Advances Reported in Phase I/II Trials of Radioimmunotherapy for Breast Cancer

PRINCETON, NJ--New approaches in radioimmunotherapy for patients
with advanced breast cancer have had promising preliminary results,
according to research presented at the Fifth Conference on Radioimmunodetection
and Radioimmunotherapy of Cancer.

Treatment with alpha-interferon to increase expression of target
antigen on tumor surfaces has been moderately well-tolerated and
resulted in a few clinical responses, according to the preliminary
results of a phase II clinical trial described by James L. Murray,
MD, of the University of Texas M.D. Anderson Cancer Center. Other
speakers at the meeting described separate phase I dose-escalation
trials of iodine 131-labeled and yttrium 90-labeled antibodies
with autologous stem cell support.

The trial at M.D. Anderson was based on the observations that
the TAG-72 antigen is expressed by breast cancer cells and that,
in animal models, treatment with interferon led to improved targeting
of TAG-72-directed radioimmunotherapy and an enhanced therapeutic
response. A phase I study at Memorial Sloan-Kettering Cancer Center
had previously shown that treatment with 131I-labeled CC49 (an
anti-TAG-72 murine monoclonal antibody) resulted in favorable
antibody targeting and limited toxicity in patients with breast
cancer.

The primary aim of the present trial was to determine whether
interferon could enhance targeting, biodistribution, and efficacy
of radioimmunotherapy in patients with recurrent breast cancer.
Fifteen patients were treated. All had skin or soft-tissue disease
that was biopsied serially to measure tumor antigen up-regulation.
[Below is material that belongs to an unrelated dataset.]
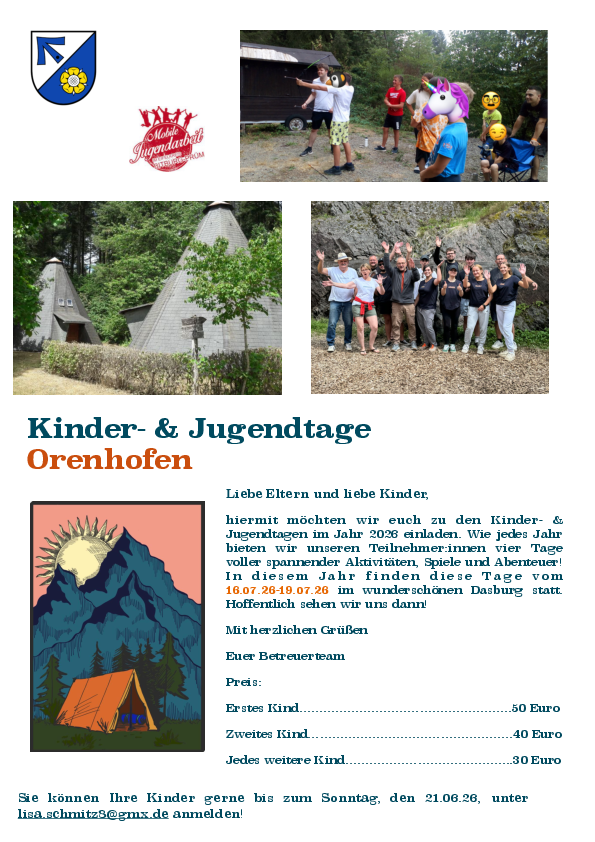 Die Ortsgemeinde Orenhofen bietet wie jedes Jahr den Teilnehmer:innen vier Tage voller spannender Aktivitäten, Spiele und Abenteuer!

After the initial skin or lymph node biopsy was obtained, patients
were randomized, with one group beginning daily alpha-interferon
treatment. After 3 days, patients received a tracer dose of 131I-labeled
CC49. Tumor biopsies were obtained 2 days later and analyzed immunohistochemically
for antigen up-regulation.

Following dosimetry studies, all patients then received treatment
with the antibody in amounts calculated to deliver less than 200
cGy to the bone marrow, resulting in doses of 60 to 75 mCi/m².
The seven patients initially randomized to receive interferon
continued to receive it for a total of 14 days. The second group
began 14 days' treatment with interferon simultaneously with the
radiolabeled antibody.

The serial immunohistochemistry studies showed a mean increase
in tumor TAG-72 expression of 46% in patients pretreated with
interferon-alpha, compared with minimal up-regulation in the control
group. The calculated radiation dose to red marrow was increased
by 15% to 20% in patients receiving interferon, compared with
controls. Pretreatment also resulted in somewhat longer blood
retention time of the radioantibody.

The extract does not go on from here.